Dir/Scr: Dario Argento. Italy. 2007 98mins .
The new work of Italian horror specialist Dario Argento, Mother of Tears forms a trilogy of the two macabre, hyper stylized works that made his international reputation: Suspiria (1977) and Inferno (1980). The time away from the material has certainly not dulled the director's senses or brought about any new reflection. As a piece of narrative, however, the movie is virtually incomprehensible.

Mother of Tears works most effectively as an associative succession of startling imagery, its overtly sexual nature bound to cause equal amounts of discomfort and dread in the suggestible. By casting his daughter Asia Argento in the lead role, as a young art restorer trying to untangle her mysterious family history and comprehend her own unnatural abilities, Dario Argento intensifies the personal, almost autobiographical aspects of the three films. Asia is a rapturous, extraordinary presence who concentrates a work that lacks narrative cohesion.

Opening the Midnight Madness program at Toronto, the movie, also known as The Third Mother, is likely to play to a young and aggressive male crowd by playing both to the esoteric and the grindhouse. The market for hyper violent horror movies founded in forms of sexual menace (Hostel 2, Captivity) has been highly restrictive, even disappointing of late. The movie's best returns are likely to be found in DVD and ancillary markets. The two Argentos are a more commercially potent draw in Europe than America.

Dramatically the anti-naturalistic language yields to sometimes highly uncomfortable comedy; it also sustains the movie's strange sense of dislocation and disorientation. Argento and his cinematographer Frederic Fasano use the architecture and landscapes of Rome to produce some very strange and unsettling imagery.

The discovery of a 19th century urn contained within a coffin at construction site near a Vieterbo cemetery awakens the annihilating, terrifying Mater Lacrimarum, the third Mother (Atias), a terrifying black witch. Her emergence unleashes an apocalyptic rage of social breakdown, mass suicides, mothers killing their children and uncontrollably vicious street violence.
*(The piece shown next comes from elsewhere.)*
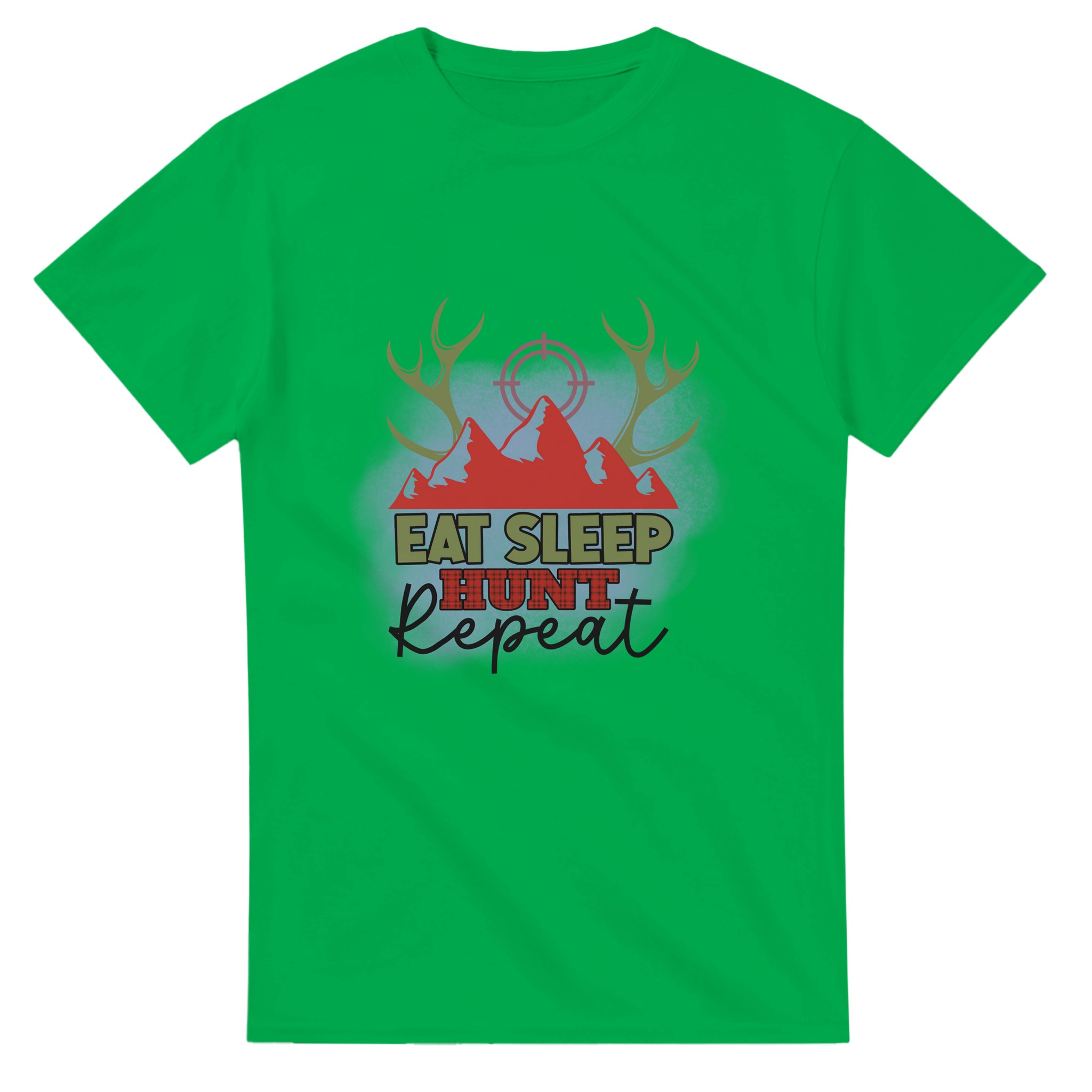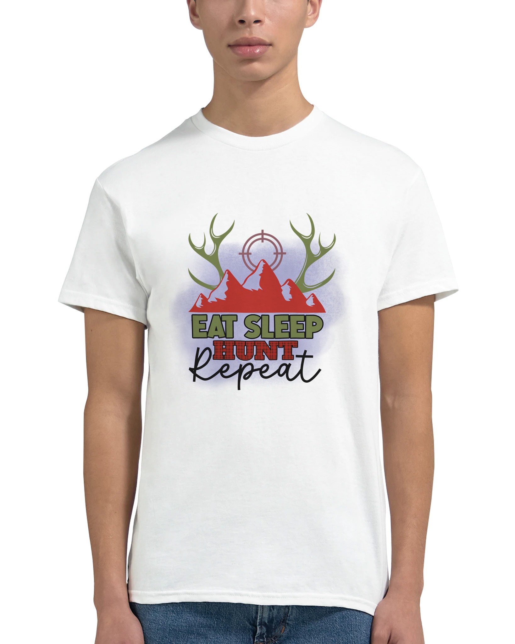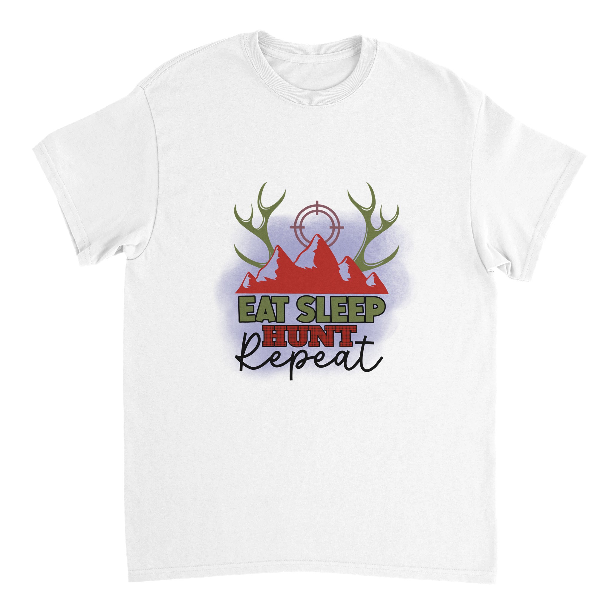 Eat Sleep Hunt Repeat T-Shirt – Outdoor Äventyr, Unisex Bomullströja med Robust Design

Sarah Mandy (Asia Argento) is an art restorer whose lover, Michael (James), is the curator of the Museum of Ancient Art of Rome. From the moment she witnesses the grisly, ritualistic sacrifice of her colleague, Sarah realizes something is terribly wrong. She is also trying to discern the unexplainable occurring around her, the mysterious voices that protect her and help her unlock her own hidden powers.

As Sarah comes to realize the full extent of her identity and her special connection to the Third Mother, Dario Argento rapidly expands the body count. The violence is twisted, gruesome and confrontational. The result, depending on your appreciation of the material, is either avant-garde or very sloppy.

More problematically, much of the imagery has an unmistakable sexual metaphor, particularly the recurring use of deviously phallic objects to penetrate or violate the almost exclusively female victims. Other than Asia Argento, the other performers are deliberately crude and amateurish, often resulting in a work that feels more ludicrous than inspired. The blunt style, sometimes something of an assault, features all manner of incident and flamboyant characterization, including a passel of contemporary witches who resemble the Spice Girls on crack.

Dario Argento assaults most manner of film language, eschewing exposition or transitions. The visual style is influenced by graphic art (ink black panels that reveal the backstory) and 19th century painting. Argento lets loose with ear-splitting aural effects, a particularly malevolent monkey and The visual style is very flamboyant, the subjective camera movement marking the darkest, surreal impulses.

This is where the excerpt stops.